On 2016/1/12 2:09, Alexei Starovoitov wrote:
> On Mon, Jan 11, 2016 at 01:48:18PM +0000, Wang Nan wrote:
>> This patch introduces a PERF_SAMPLE_TAILSIZE flag which allows a size
>> field attached at the end of a sample. The idea comes from [1] that,
>> with tie size at tail of an event, it is possible for user program who
>> read from the ring buffer parse events backward.
>>
>> For example:
>>
>>     head
>>      |
>>      V
>>   +--+---+-------+----------+------+---+
>>   |E6|...|   B  8|   C    11|  D  7|E..|
>>   +--+---+-------+----------+------+---+
>>
>> In this case, from the 'head' pointer provided by kernel, user program
>> can first see '6' by (*(head - sizeof(u64))), then it can get the start
>> pointer of record 'E', then it can read size and find start position
>> of record D, C, B in similar way.
> adding extra 8 bytes for every sample is quite unfortunate.
> How about another idea:
> . update data_tail pointer when head is about to overwrite it
>
> Ex:
>     head   data_tail
>      |       |
>      V       V
>   +--+-------+-------+---+----+---+
>   |E |  ...  |   B   | C |  D | E |
>   +--+-------+-------+---+----+---+
>
> if new sample F is about to overwrite B, the kernel would need
> to read the size of B from B's header and update data_tail to point C.
> Or even further.
> Comparing to TAILSIZE approach, now kernel will be doing both reads
> and writes into ring-buffer and there is a concern that reads may
> be hitting cold data, but if the records are small they may be
> actually on the same cache line brought by the previous
> read A's header, write E record cycle.
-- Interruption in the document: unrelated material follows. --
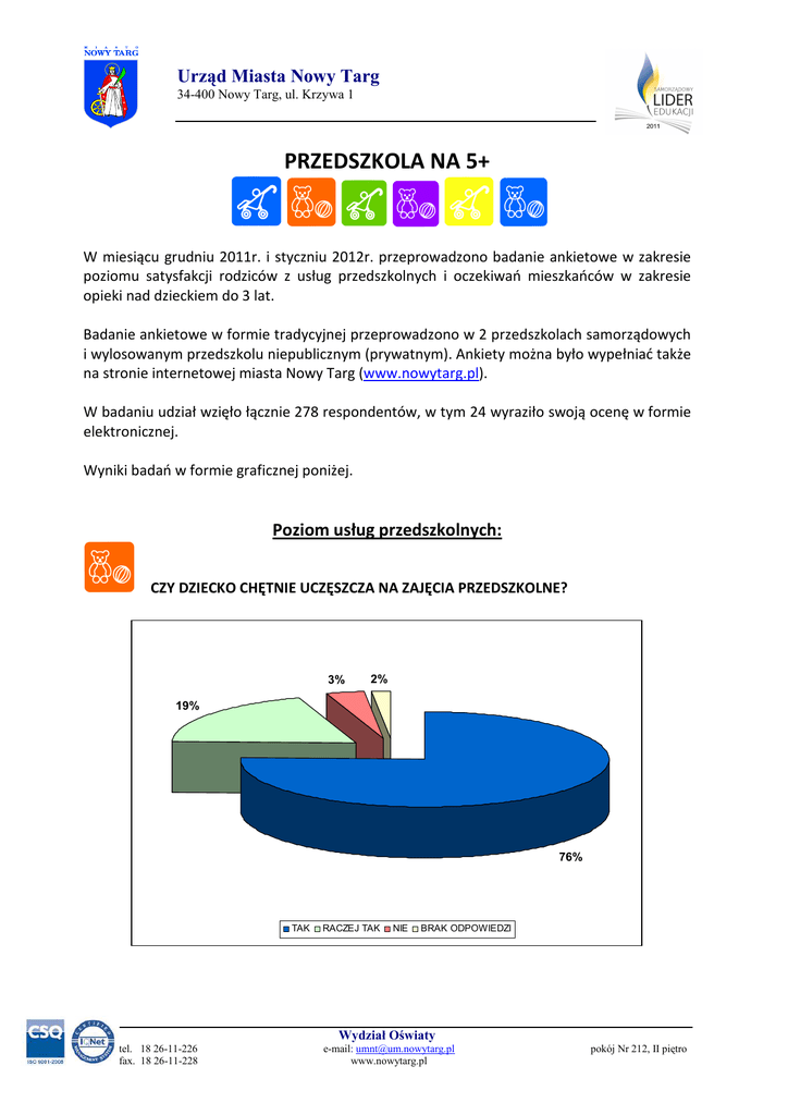 Urząd Miasta Nowy Targ 34-400 Nowy Targ, ul. Krzywa 1 PRZEDSZKOLA NA 5+ W miesiącu grudniu 2011r. i styczniu 2012r. przeprowadzono badanie ankietowe w zakresie poziomu satysfakcji rodziców z usług przedszkolnych i oczekiwań mieszkańców w zakresie opieki nad dzieckiem do 3 lat. Badanie ankietowe w formie tradycyjnej przeprowadzono w 2 przedszkolach samorządowych i wylosowanym przedszkolu niepublicznym (prywatnym). Ankiety można było wypełniać także na stronie internetowej miasta Nowy Targ (www.nowytarg.pl). W badaniu udział wzięło łącznie 278 respondentów, w tym 24 wyraziło swoją ocenę w formie elektronicznej. Wyniki badań w formie graficznej poniżej. Poziom usług przedszkolnych: CZY DZIECKO CHĘTNIE UCZĘSZCZA NA ZAJĘCIA PRZEDSZKOLNE? 3% 2% 19% 76% TAK RACZEJ TAK NIE BRAK ODPOWIEDZI Wydział Oświaty tel. 18 26-11-226 fax. 18 26-11-228 e-mail: [email protected] www.nowytarg.pl pokój Nr 212, II piętro CZY PRZEDSZKOLE DOBRZE PRZYGOTOWUJE DZIECI DO NAUKI W SZKOLE? 1% 3% 1% 18% 77% TAK RACZEJ TAK NIE NIE MAM ZDANIA BRAK ODPOWIEDZI JAK OCENIA PANI/PAN WSPÓŁPRACĘ Z NAUCZYCIELAMI I PRACOWNIKAMI NIEPEDAGOGICZNYMI ? 12% 1% 1% 86% DOBRZE RACZEJ DOBRZE ŹLE BRAK ODPOWIEDZI Wydział Oświaty tel. (0-18) 26-11-226 fax. (0-18) 26-11-228 e-mail: [email protected] www.nowytarg.pl pokój Nr 212, II piętro JAK OCENIA PANI/PAN SPOSÓB PRZEKAZYWANIA RODZICOM INFORMACJI O POSTĘPACH DZIECKA ? 2% 1% 24% 73% DOBRZE RACZEJ DOBRZE ŹLE BRAK ODPOWIEDZI CZY JEST PANI/PAN ZADOWOLONA/NY Z OFERTY ZAJĘĆ DODATKOWYCH PRZEDSZKOLA? 7% 1% 3% 23% 66% TAK RACZEJ TAK NIE NIE KORZYSTAM BRAK ODPOWIEDZI Wydział Oświaty tel. (0-18) 26-11-226 fax. (0-18) 26-11-228 e-mail: [email protected] www.nowytarg.pl pokój Nr 212, II piętro Oczekiwania w zakresie opieki nad dzieckiem do 3 lat. Z JAKIEJ FORMY OPIEKI NAD DZIECKIEM DO LAT TRZECH KORZYSTA PANI/PAN W CHWILI OBECNEJ? 1% 15% 46% 38% NIE KORZYSTAM (SAMODZIELNIE) POMOC RODZINY OPIEKUNKA INNE Z JAKICH FORM OPIEKI NAD DZIECKIEM DO LAT 3 SKORZYSTALIBY PAŃSTWO NAJCHĘTNIEJ ? 8% 12% 28% 11% 41% DZIENNY OPIEKUN KLUB DZIECIĘCY ŻŁOBEK NIANIA ŻADNEJ Wydział Oświaty tel. (0-18) 26-11-226 fax. (0-18) 26-11-228 e-mail: [email protected] www.nowytarg.pl pokój Nr 212, II piętro CZY MAJĄC MOŻLIWOŚĆ ZAPEWNIENIA OPIEKI NAD DZIECKIEM DO LAT 3 PODJĘŁABY (KONTYNUOWAŁABY) PANI / PODJĄŁBY (KONTYNUOWAŁBY) PAN PRACĘ ZAWODOWĄ ? 17% 7% 2% 74% TAK NIE NIE WIEM BRAK ODPOWIEDZI MAJĄC MOŻLIWOŚĆ ZAPEWNIENIA OPIEKI NAD DZIECKIEM DO LAT 3 DO JAKIEJ KWOTY MOGŁABY/MÓGŁBY PANI/PAN UISZCZAĆ OPŁATĘ MIESIĘCZNA ZA DZIECKO ? 5% 2% 3% 20% 70% 250-349 ZŁ 350-449 ZŁ 450-549 ZŁ WIĘCEJ NIŻ 550 ZŁ BRAK ODPOWIEDZI Wydział Oświaty tel. (0-18) 26-11-226 fax. (0-18) 26-11-228 e-mail: [email protected] www.nowytarg.pl pokój Nr 212, II piętro Ogólne dane statystyczne badanej grypy (próby). Spośród wszystkich ankietowanych 99% badanych stanowili mieszkańcy Nowego Targu. 43% ankietowanych korzystających z usług przedszkolnych wychowuje dodatkowo co najmniej 1 dziecko w wieku do lat 3 (9% dwoje i więcej dzieci w wieku do lat 3). 81% badanych stanowiły osoby aktywne zawodowo. Struktura dochodów w rodzinach ankietowanych: ŚREDNI MIESIĘCZNY DOCHÓD W PRZELICZENIU NA CZŁONKA RODZINY 16% 5% 15% 23% 41% PONIŻEJ 500 ZŁ 500-1.000ZŁ 1.001-1.500 ZŁ POWYŻEJ 1.500 ZŁ BRAK ODPOWIEDZI Podsumowanie Ankietowani bardzo dobrze oceniają aktualny poziom usług przedszkolnych, chociaż oczekują uatrakcyjnienia i zwiększenia katalogu zajęć dodatkowych a także nieznacznych korekt w czasie pracy poszczególnych placówek w odniesieniu do czasu pracy zakładów pracy. Rodzice wyrażają zainteresowanie różnymi. formami opieki nad dzieckiem do 3 lat. W szczególności oczekują na inicjatywy w zakresie utworzenia żłobka, wyrażając również zainteresowanie zorganizowaniem opieki w klubach dziecięcych i za pośrednictwem niani. Z uwagi na poziom dochodów rodzin, ankietowani widzą możliwości współfinansowania działalności w zakresie opieki nad dziećmi do 3 lat w różnych formach zorganizowanych przez gminę (inne podmioty) na poziomie 39 % kosztów ich prowadzenia. Opracowanie: mgr Janusz Stopka mgr Krzysztof Aksamit Elżbieta Kakuba Wydział Oświaty tel. (0-18) 26-11-226 fax. (0-18) 26-11-228 e-mail: [email protected] www.nowytarg.pl pokój Nr 212, II piętro

So I think we shouldn't see
> cache misses.

After ring buffer rewind, we need a read before nearly
every write operations. The performance penalty depends on
configuration of write allocate. In addition, another data
dependency is required: we must wait for the size of
event B is retrived before overwrite it.

Even in the very first try at 2013 in [1], reading from the ring
buffer is avoided. I don't think Peter changes his mind now.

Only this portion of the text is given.